> _EXERCISE GOAL_:
Please repeat, exactly and without pictures, the lines of the entries below that run from the one containing "Для приготовления собственно" through the one containing "拜洛迪 轻奢 灰钛不锈钢装饰岩板底座+岩板台面 白色 1.4米餐桌".

> _Saved entries_:
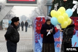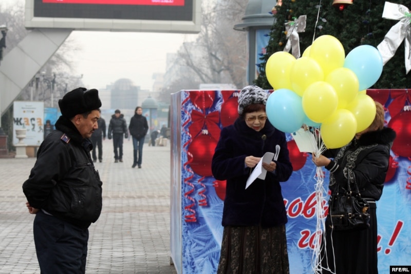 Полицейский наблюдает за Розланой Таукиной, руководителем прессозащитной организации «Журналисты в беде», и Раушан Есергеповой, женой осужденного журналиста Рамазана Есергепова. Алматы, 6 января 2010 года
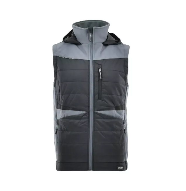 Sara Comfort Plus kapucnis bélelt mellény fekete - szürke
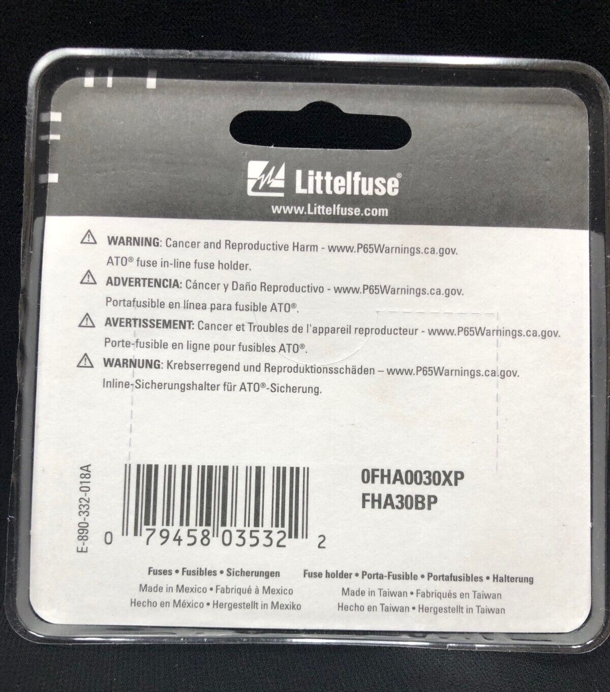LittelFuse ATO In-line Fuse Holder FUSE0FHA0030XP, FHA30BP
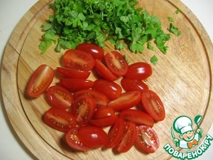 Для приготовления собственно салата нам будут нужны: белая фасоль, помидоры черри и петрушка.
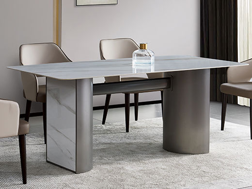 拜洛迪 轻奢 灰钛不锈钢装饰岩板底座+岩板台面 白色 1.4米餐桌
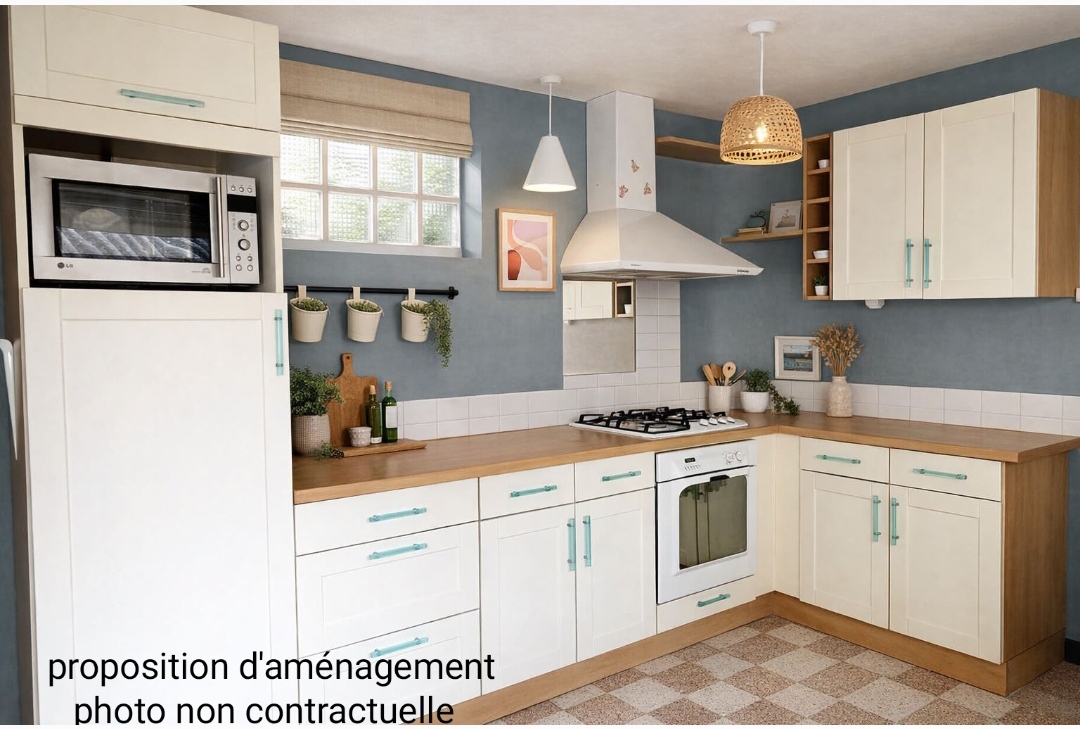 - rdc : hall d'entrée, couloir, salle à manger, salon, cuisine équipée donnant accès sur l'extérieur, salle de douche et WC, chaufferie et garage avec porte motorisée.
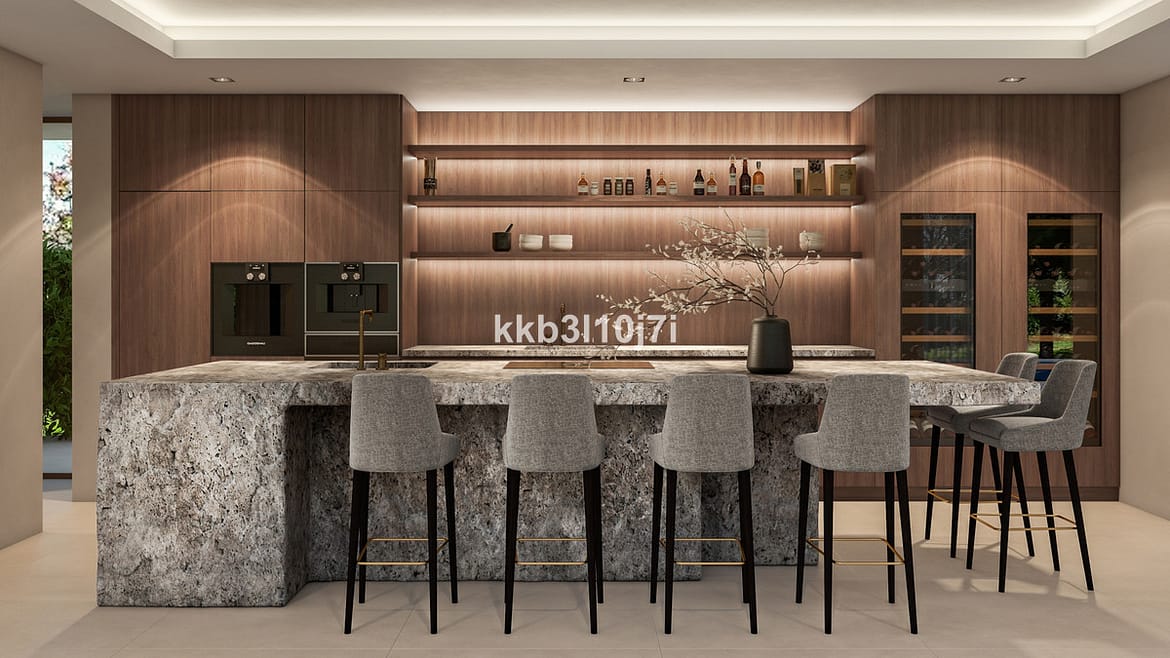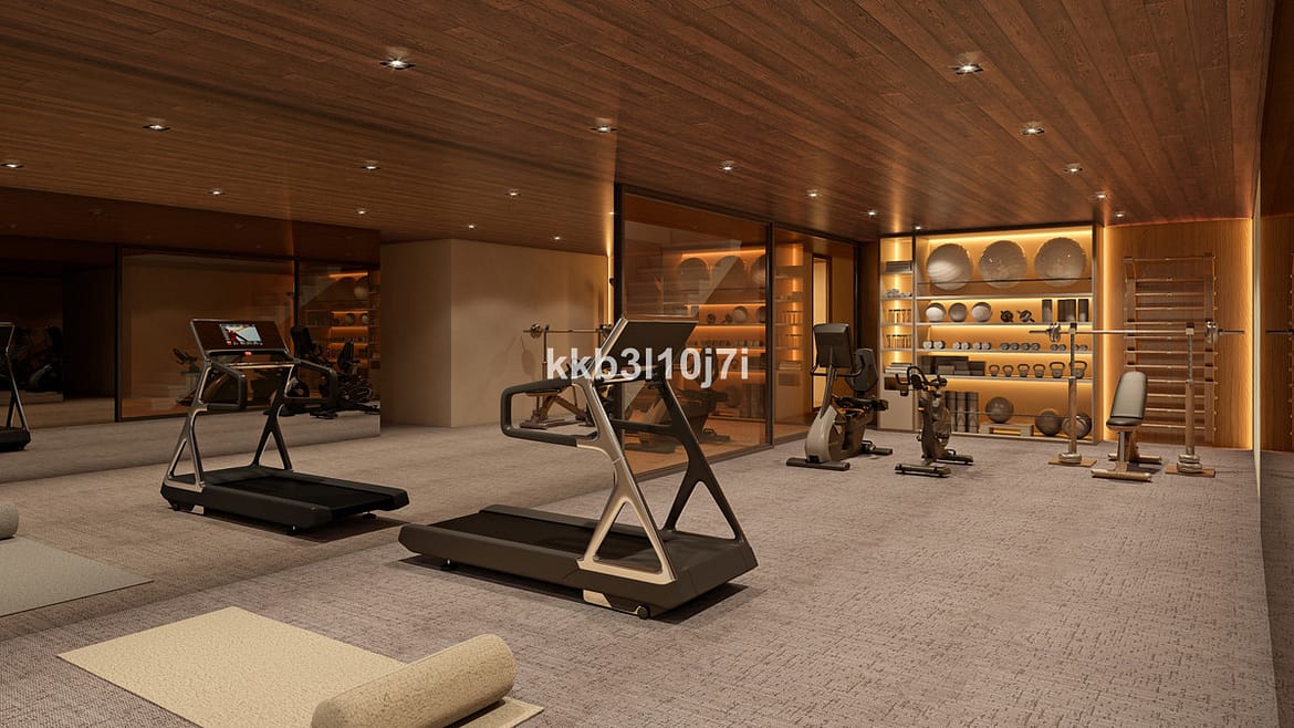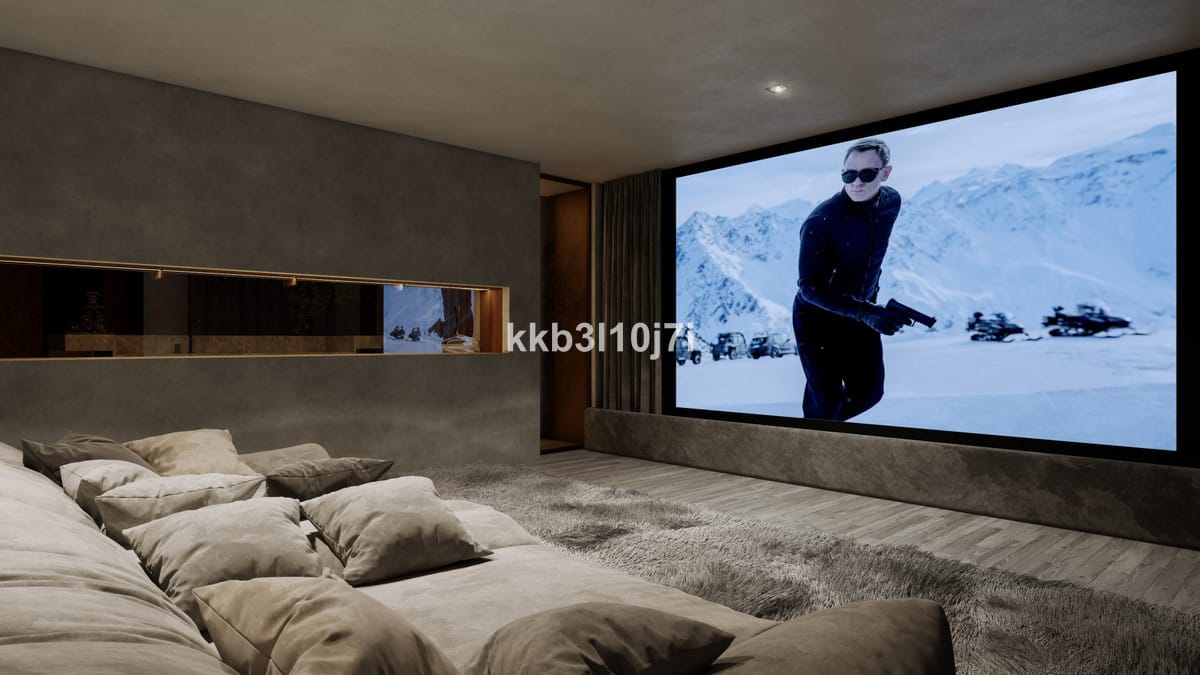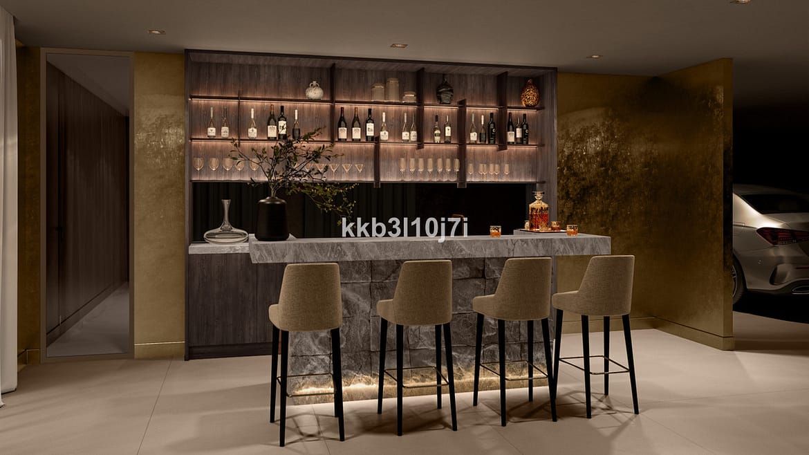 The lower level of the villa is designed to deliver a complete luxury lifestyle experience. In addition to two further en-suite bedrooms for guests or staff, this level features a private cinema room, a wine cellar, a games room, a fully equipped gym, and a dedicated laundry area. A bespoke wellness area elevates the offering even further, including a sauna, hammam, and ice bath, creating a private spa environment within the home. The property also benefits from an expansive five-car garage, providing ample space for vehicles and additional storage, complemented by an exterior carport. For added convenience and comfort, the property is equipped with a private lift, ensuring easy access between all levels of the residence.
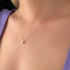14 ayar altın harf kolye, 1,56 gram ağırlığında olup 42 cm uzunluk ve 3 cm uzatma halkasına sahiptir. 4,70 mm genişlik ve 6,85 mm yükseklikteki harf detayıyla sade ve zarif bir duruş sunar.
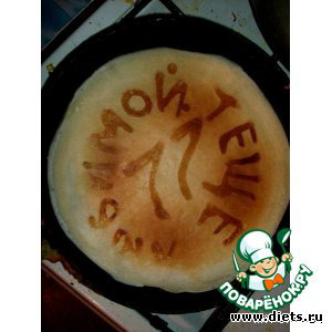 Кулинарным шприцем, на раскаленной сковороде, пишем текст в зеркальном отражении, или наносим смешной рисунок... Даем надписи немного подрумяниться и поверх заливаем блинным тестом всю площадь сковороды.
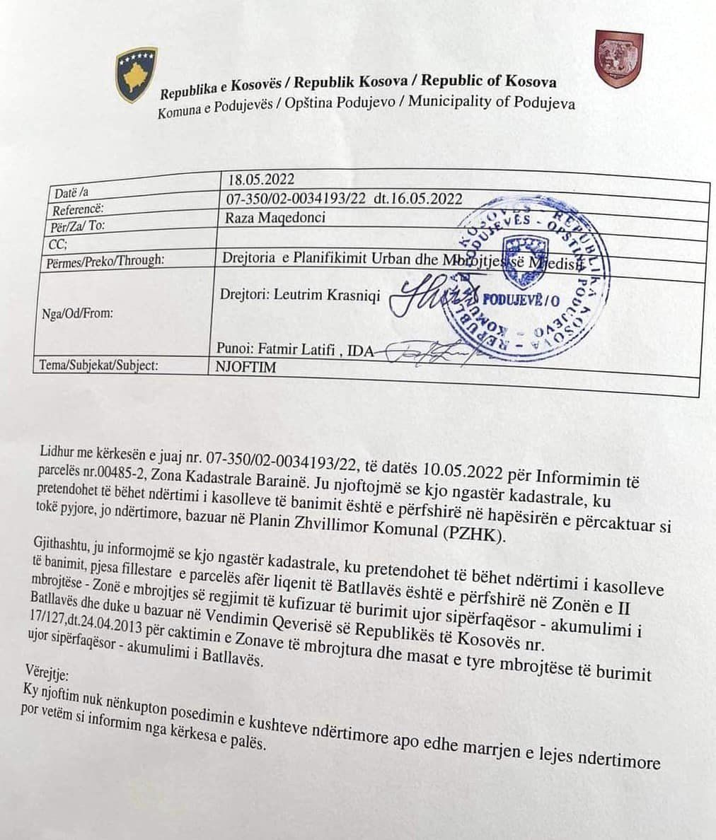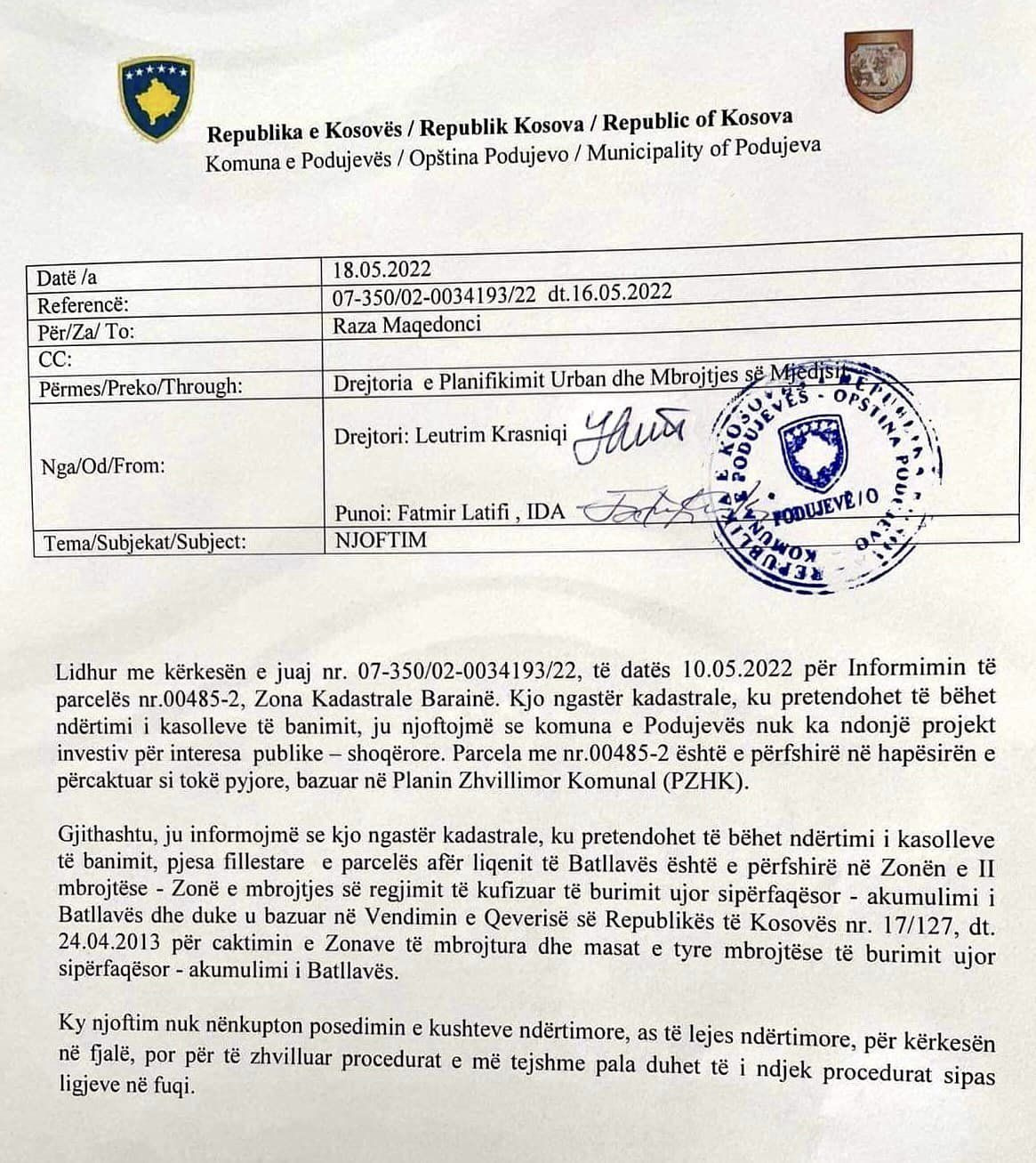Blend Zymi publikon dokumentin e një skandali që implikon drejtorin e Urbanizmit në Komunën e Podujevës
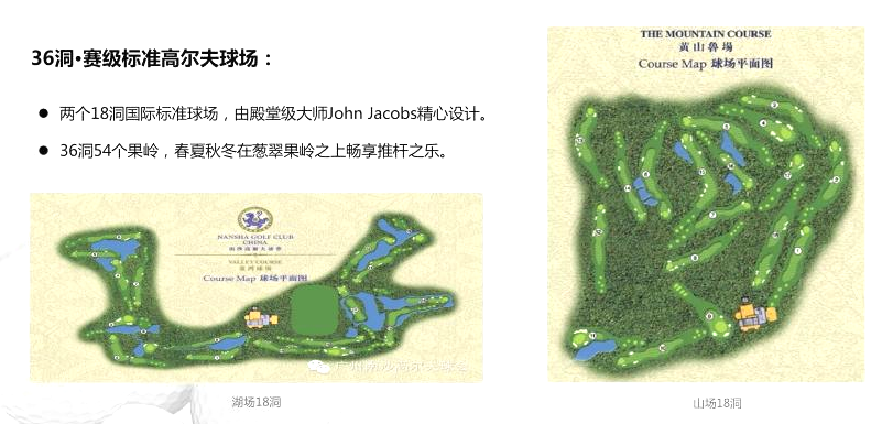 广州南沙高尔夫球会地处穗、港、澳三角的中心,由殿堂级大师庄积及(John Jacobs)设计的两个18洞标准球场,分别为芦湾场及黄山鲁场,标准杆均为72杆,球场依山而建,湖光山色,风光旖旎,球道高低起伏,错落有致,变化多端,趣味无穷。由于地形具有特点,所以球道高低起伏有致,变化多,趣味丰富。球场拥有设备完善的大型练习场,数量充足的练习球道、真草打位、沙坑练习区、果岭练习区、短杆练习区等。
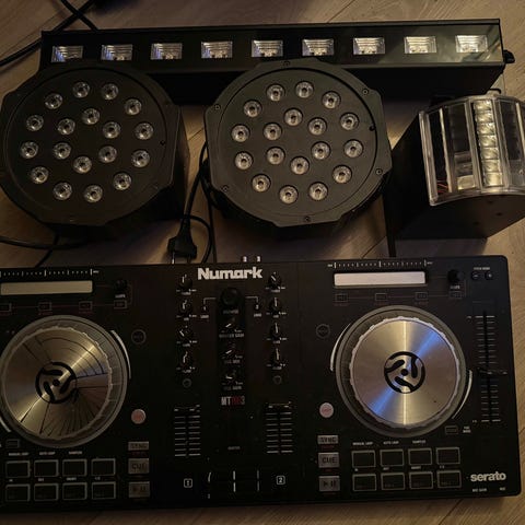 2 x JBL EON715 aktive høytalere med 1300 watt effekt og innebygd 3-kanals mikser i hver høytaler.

> _WRITTEN REPLY_:
 Для приготовления собственно салата нам будут нужны: белая фасоль, помидоры черри и петрушка.
 拜洛迪 轻奢 灰钛不锈钢装饰岩板底座+岩板台面 白色 1.4米餐桌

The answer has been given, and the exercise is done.